What to produce: Print, exactly as they stand, the lines below from the one that has "La plupart des" to the one that has "A dynamic infographic", inclusive, leaving out the pictures.

BEGIN The data

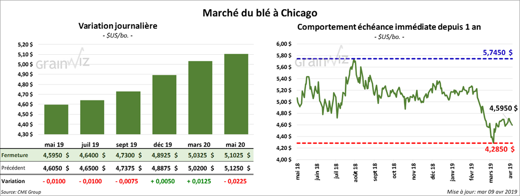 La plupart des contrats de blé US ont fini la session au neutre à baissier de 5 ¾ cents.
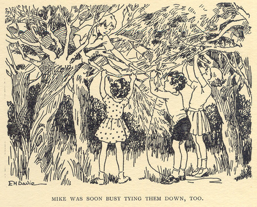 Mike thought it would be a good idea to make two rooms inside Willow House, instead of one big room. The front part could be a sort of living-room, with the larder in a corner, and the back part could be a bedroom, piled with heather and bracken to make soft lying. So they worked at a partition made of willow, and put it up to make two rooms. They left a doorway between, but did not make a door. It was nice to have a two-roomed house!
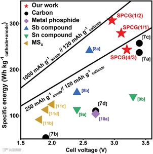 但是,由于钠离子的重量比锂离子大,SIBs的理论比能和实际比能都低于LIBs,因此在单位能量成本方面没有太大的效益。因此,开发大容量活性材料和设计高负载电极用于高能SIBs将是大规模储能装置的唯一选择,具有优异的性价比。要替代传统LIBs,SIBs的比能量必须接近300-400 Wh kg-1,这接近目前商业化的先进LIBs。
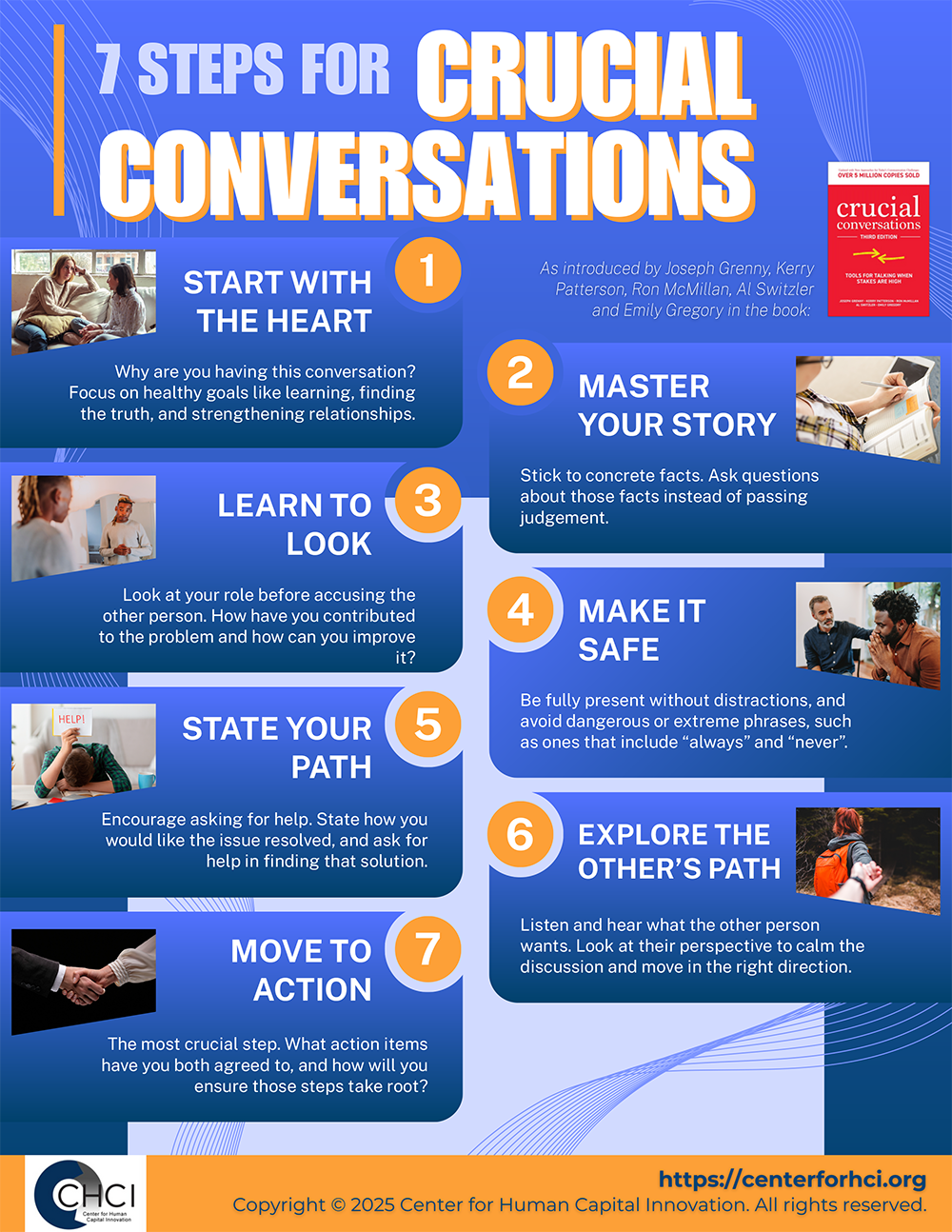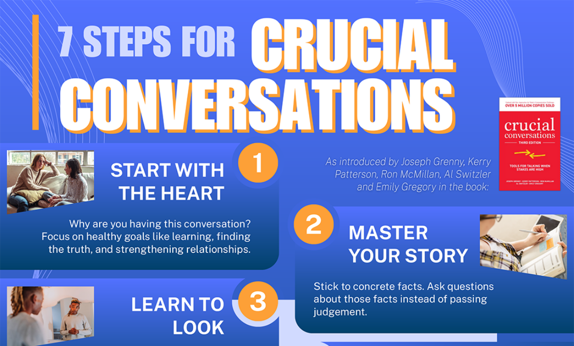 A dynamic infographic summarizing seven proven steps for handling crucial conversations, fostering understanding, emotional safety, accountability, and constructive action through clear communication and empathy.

END The data
BEGIN The data

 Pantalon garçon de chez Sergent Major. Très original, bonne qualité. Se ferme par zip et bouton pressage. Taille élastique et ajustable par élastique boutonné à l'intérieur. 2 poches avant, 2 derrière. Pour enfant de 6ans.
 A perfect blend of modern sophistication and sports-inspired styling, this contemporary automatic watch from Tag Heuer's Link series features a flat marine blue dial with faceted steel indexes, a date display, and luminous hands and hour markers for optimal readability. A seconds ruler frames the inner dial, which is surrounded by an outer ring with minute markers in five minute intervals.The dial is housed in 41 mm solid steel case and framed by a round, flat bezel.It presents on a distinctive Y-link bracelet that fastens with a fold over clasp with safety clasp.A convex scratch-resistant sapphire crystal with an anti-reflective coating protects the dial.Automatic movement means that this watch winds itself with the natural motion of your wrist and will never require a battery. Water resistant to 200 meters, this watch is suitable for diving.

END The data
BEGIN The data

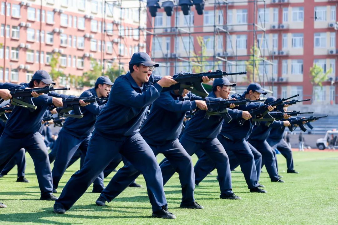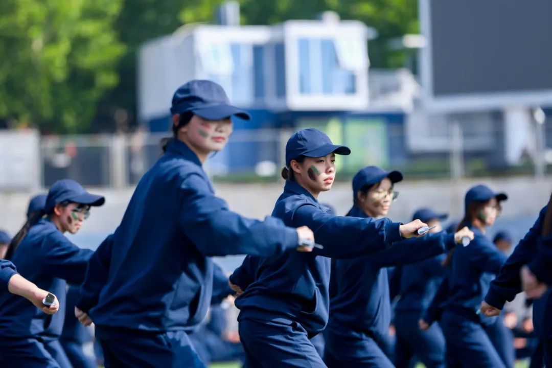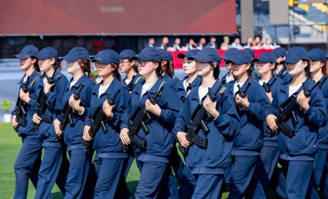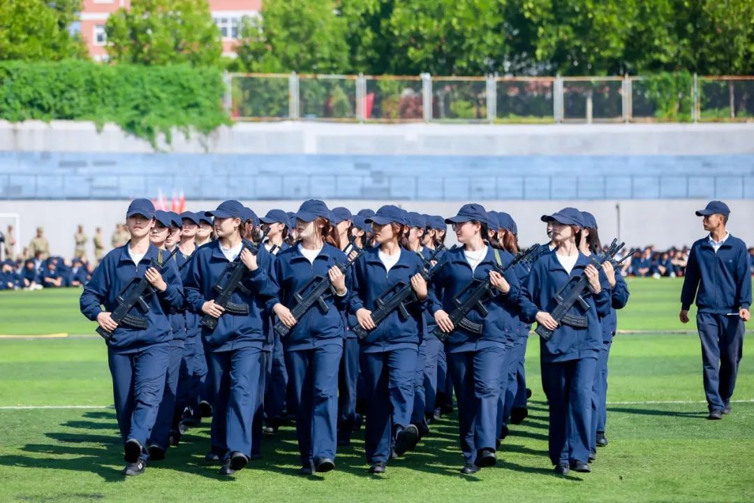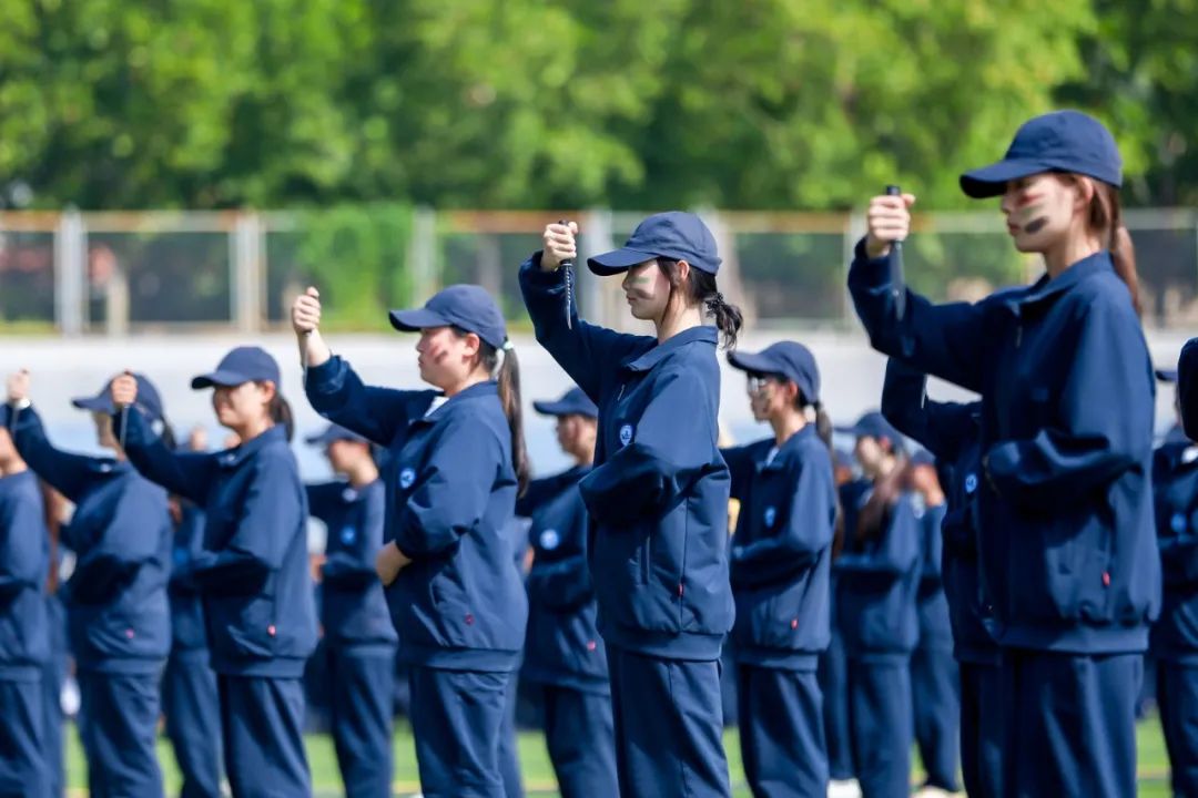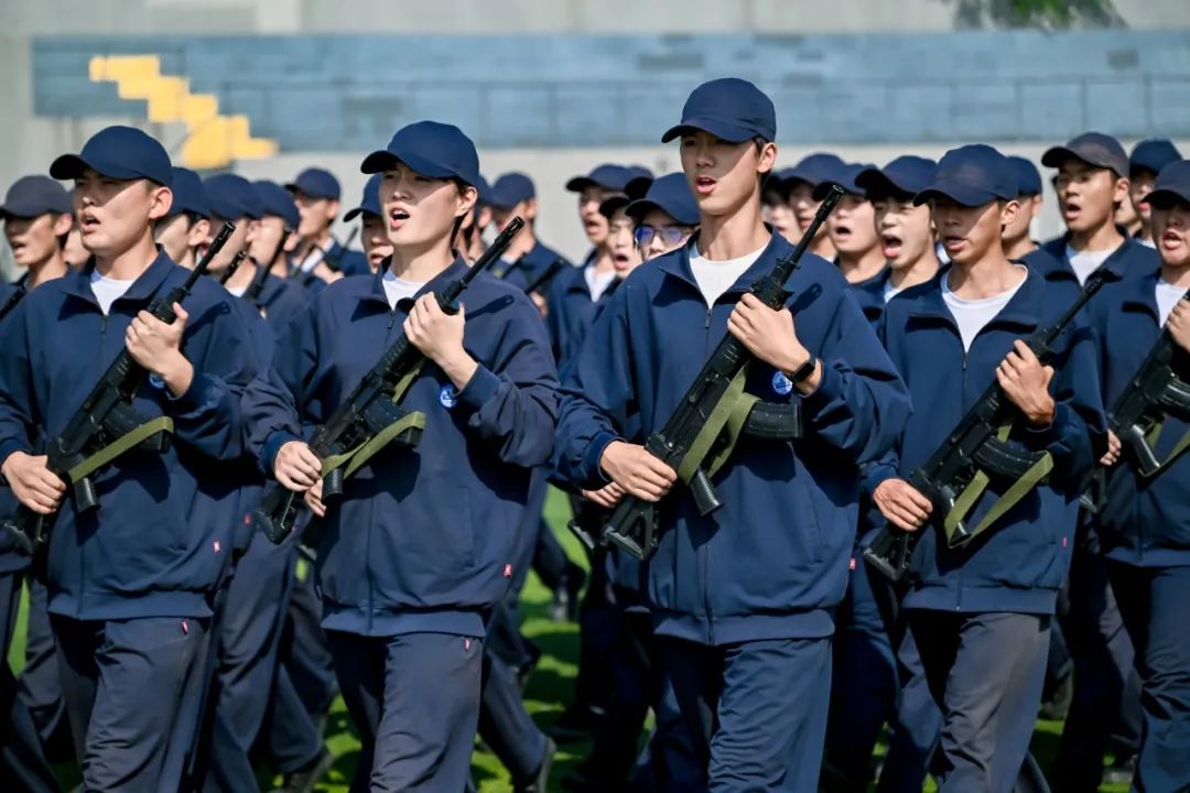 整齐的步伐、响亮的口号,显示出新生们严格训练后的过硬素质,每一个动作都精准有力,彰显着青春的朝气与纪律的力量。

END The data

Task answer:
 La plupart des contrats de blé US ont fini la session au neutre à baissier de 5 ¾ cents.
 Mike thought it would be a good idea to make two rooms inside Willow House, instead of one big room. The front part could be a sort of living-room, with the larder in a corner, and the back part could be a bedroom, piled with heather and bracken to make soft lying. So they worked at a partition made of willow, and put it up to make two rooms. They left a doorway between, but did not make a door. It was nice to have a two-roomed house!
 但是,由于钠离子的重量比锂离子大,SIBs的理论比能和实际比能都低于LIBs,因此在单位能量成本方面没有太大的效益。因此,开发大容量活性材料和设计高负载电极用于高能SIBs将是大规模储能装置的唯一选择,具有优异的性价比。要替代传统LIBs,SIBs的比能量必须接近300-400 Wh kg-1,这接近目前商业化的先进LIBs。
 A dynamic infographic summarizing seven proven steps for handling crucial conversations, fostering understanding, emotional safety, accountability, and constructive action through clear communication and empathy.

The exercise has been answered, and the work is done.